Mr. Fortune’s Trials (H.C. Bailey)

  • By H.C. Bailey
  • First published: UK: Methuen, 1925; USA: E.P. Dutton, 1926

My review

The Furnished Cottage

An unusual story in which Reggie himself is the intended victim of a mistakenly obsessed woman’s revenge. The motive and the situation are excellent, and the final redemption at the end—instigated by Fortune—is vital to the story’s themes of guilt, innocence, redemption, and expiation.

The Young God

A weak example of the “traditional” country house variety (which never finds H.C.B. at his best); there is a lot of physical evidence, but few clues.

The conviction of the reluctant alderman of the murder of the inspector of taxes—“a popular but ugly case”.

The Only Son

A scientific scheme directed against an unstable young man and his mother. The plot is strong, the atmosphere suitably menacing, and Mr. Fortune’s rôle as Nemesis at the end is excellent.

The case of the wrong false teeth, a story I wish Bailey had written!

The Hermit Crab

Mr. Fortune feels that this story “is, perhaps, my masterpiece”. Bailey in a light vein (comic relief after the horrors of “The Only Son”), as a band of Amazons kidnap an unpleasant and domineering woman, Miss Platt-Robinson, and hold her prisoner on an island. Miss P.-R. is a very amusing—yet menacing—portrait of a type recognisable today (“That is one of my principles!” indeed).
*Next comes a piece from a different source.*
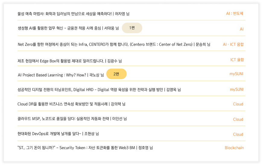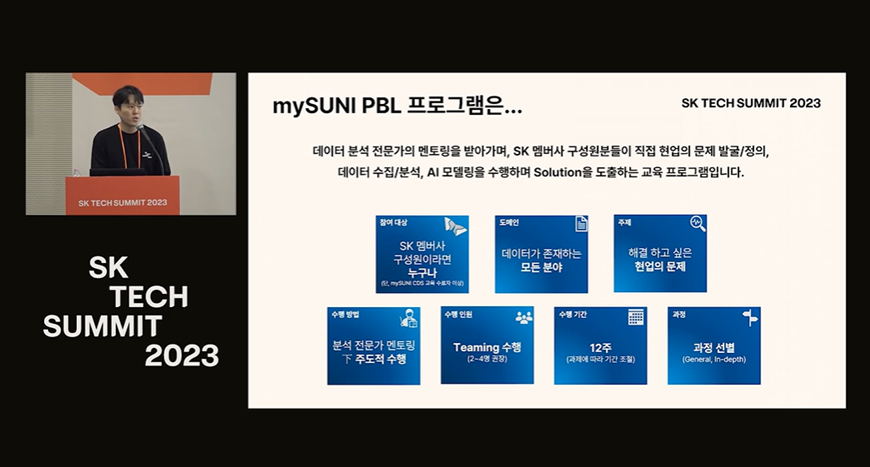 올 한 해 동안 mySUNI와 함께 mySUNI PBL(Project-Based Learning) 프로그램을 운영하였으며, 과제 별 멘토 역할을 수행하였습니다. 2023 SK Tech Summit을 통해 PBL 프로그램에 대한 소개와 함께 성공적으로 진행된 2023년도 운영 결과와 대표 사례를 공유 드리고, 2024년에도에 더 많은 멤버사들의 PBL 프로그램 참여를 유도하고자 강의를 진행하게 되었습니다.

The story is fast-moving and unpredictable, and everything ends as it should.

The matter of the infested marmoset (a crime, you remember, of passion).

The Long Barrow

A first-class tale set in Dorsetshire, with a menacing atmosphere, a strong sense of landscape, and some sinister archaeology (the crank Larkin is intent on proving that a British barrow is Phoenician). The sinister rustic (similarities to Elijah Hawke in Black Land, White Land), the strange noises around the house, the long barrow itself, and the Greek codes are all artfully combined.

The inquest on Zuleika the lemur—a strange, sad case.

The Profiteers

Bailey leaves the realm of the detective story in this masterpiece, “not one of our simple cases. A lot of dark background. And something rather queer in the dark.” Although two people die under suspicious circumstances, someone else had a hand in the matter, and Fortune reveals a particularly unexpected and disturbing truth at the end, this is NOT a detective story proper at all. Rather, it belongs to those hybrids of the detective and the ghost story: M.R. James’ “Uncommon Prayer-Book”, Gladys Mitchell‘s The Devil at Saxon Wall, and John Dickson Carr‘s The Burning Court. As such, it is excellent (the solution is an effectively eerie surprise), but, as a DETECTIVE STORY, it is bound to fail.

Fortune’s success in proving the daughter of the Lithuanian millionaire, Baron Lampe, innocent of the assault on the abominable Roumanian fiddler is mentioned.


Blurb

1925 Methuen

Another collection of the exploits of Mr. Reginald Fortune, scientific adviser of the Criminal Investigation Department.  Although the mysteries in this book include the darker horrors of crime Mr. Fortune never loses that gaiety and sense of humour which make him the most genial of detectives.


Contemporary reviews

Times Literary Supplement (21st May 1925): In this third book of Mr. Reginald Fortune’s adventures the author cleverly contrives that they should be just as fresh and original as if the detective type was almost unknown in modern fiction; and makes his hero handle the cases in such a way that a new reader will probably straightaway take steps to become acquainted with the chronicles of Mr. Fortune’s earlier career.  Family honour, avarice, and revenge, a budding but ill-founded and unjustified blood feud, and the “sins of the fathers” provide the inspiration for four of these stories, of which the last mentioned is rather eerie and outside the usual field of a detective’s activity.

NY World (24th January 1926, 150w): In four of the six short detective stories which compose this collection there is evident a general excellence of workmanship that should rank them with the best of their kind being written to-day.  The opening tale is not up to the mark of its successful fellows.

Lit R (C.P.S., 30th January 1926, 120w): There are half a dozen very interesting tales in this volume, all of them well told.

Boston Transcript (6th February 1926, 350w): In any detective story it seems well nigh impossible to make the hero other than a prig, and Mr. Bailey has not avoided it.  Mr. Fortune bored and blasé, with a penchant for peace and quiet, is hardly a superman, nor in these tales are his methods those of the ‘supermensch’.